Recognized as a Leader in AI and engineering

Capgemini was named a Leader in The Forrester Wave™: AI services, Q2 2024, among nine vendors evaluated on 19 criteria, grouped by current offering, strategy, and market presence. It was also recognized as a Leader in 2024 Zinnov Zones Ratings for its overall Engineering, Research and Development and Digital Engineering Services.

The Group announced in July 2023 an investment plan of €2 billion over 3 years to strengthen its leadership in AI and has already trained over 120K team members on generative AI tools, thanks to its Gen AI Campus.  It has established a dedicated generative AI practice to rapidly scale its capability, solutioning and delivery, as well as a Generative AI Lab to follow the evolution of the technology and research the most relevant use cases and collaborations with businesses or academia for clients, and a dedicated platform, RAISE (Reliable AI Solution Engineering), to industrialize its custom Gen AI projects.
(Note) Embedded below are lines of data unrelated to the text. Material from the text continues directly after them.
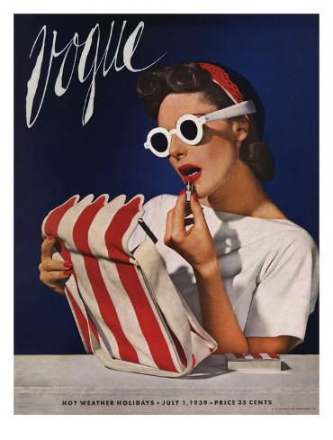 This light-hearted and patriotic cover was photographed by Horst P. Horst for the July 1, 1939, issue of Vogue magazine. It features the fashion model Muriel Maxwell, dressed in a white blouse, matching sunglasses, and applying red lipstick using the inside mirror of her red-and-white striped purse. This giclée print offers beautiful color accuracy. Giclée (French for “to spray”) is a printing process where millions of ink droplets are sprayed onto the paper’s surface creating natural color transitions. The high-quality paper (235 gsm) is a great option for framing with its smooth, acid free surface. Price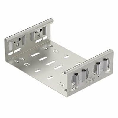 Forbindelsen er udstyret med fire klemmer, hvilket gør monteringen hurtig og ukompliceret. Den kan også anvendes til direkte forbindelse med en tilskåret kabelbakke ved at benytte to klemmer på den ene side. For at forbinde en tilskåret kabelbakke med en formdel kræves et Magic-længdeforbindelses-sæt.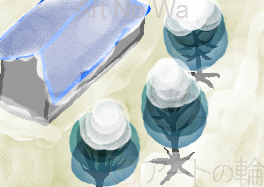 雪が降ります。寒さは冬です。窓の外からではなく空からの想像目線です。
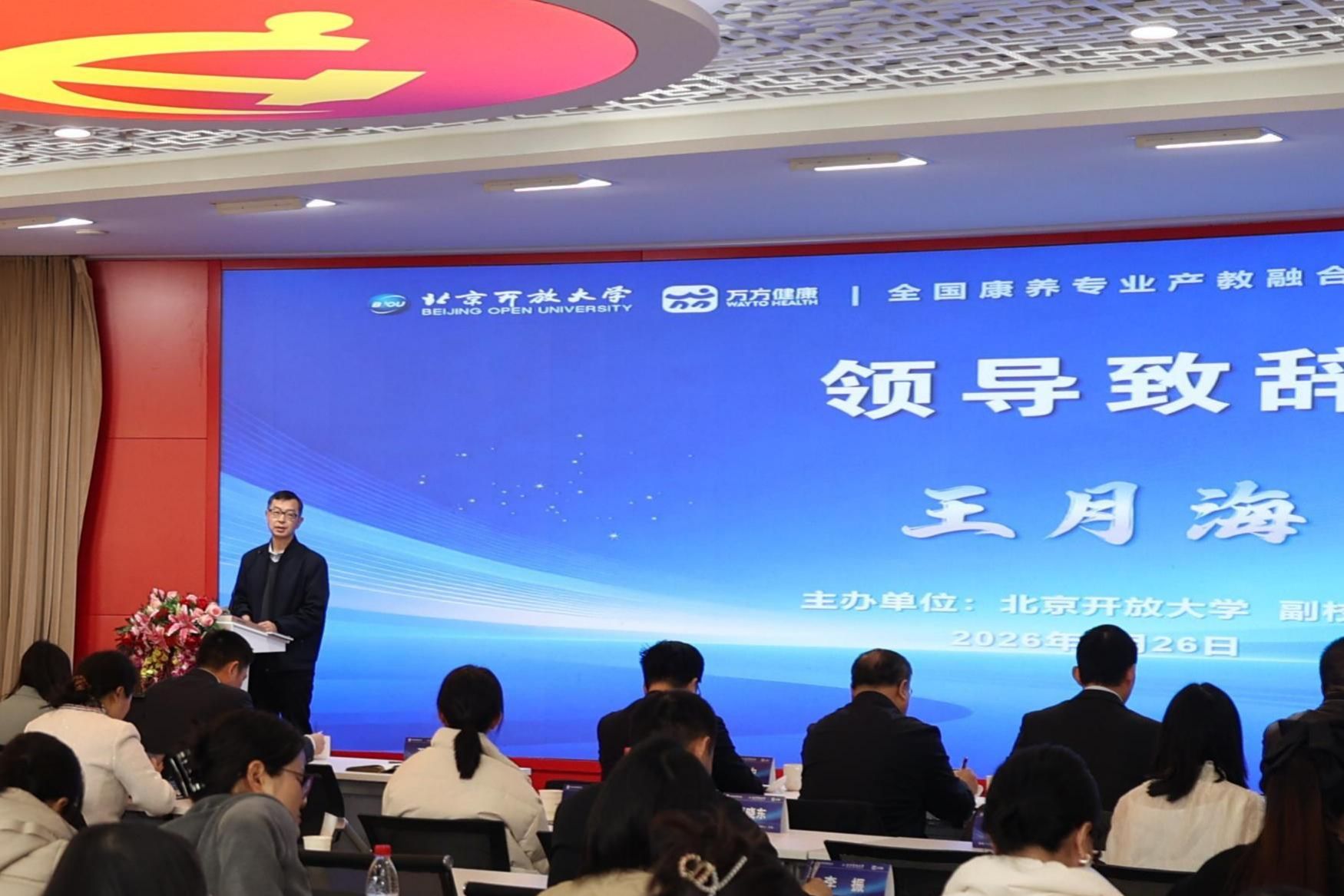 王月海代表学校致辞,介绍了学校针对康养领域,已构建起以北京老年开放大学为龙头、覆盖 4200 余家单位的四级办学体系,打造 5 万多分钟优质课程资源库及多个全国终身学习品牌项目。他表示,本次研修班是学校深化产教融合的重要实践,通过“政策引领-实践研学-赛教融合-成果共创”的闭环设计,依托校企协同、数字赋能、成果转化三大路径,助力构建康养人才培养新生态,未来,学校将持续发挥开放办学优势,推动康养教育资源共建共享。

Capgemini is also investing in its portfolio, to customize the uses cases and offers by industry, to build next-generation AI solutions for enterprises, and to generate more value for its clients, and in its partnerships, such as with Google Cloud, Microsoft, Salesforce, AWS, Mistral AI, and Liquid AI.


[1] Capgemini’s approach, ‘Augmented Engineering’, powered by Gen AI in combination with AI and other types of engineering and scientific models, is defined to manage the demanding context of engineering, that requires precision, regulatory compliance and risk tolerance.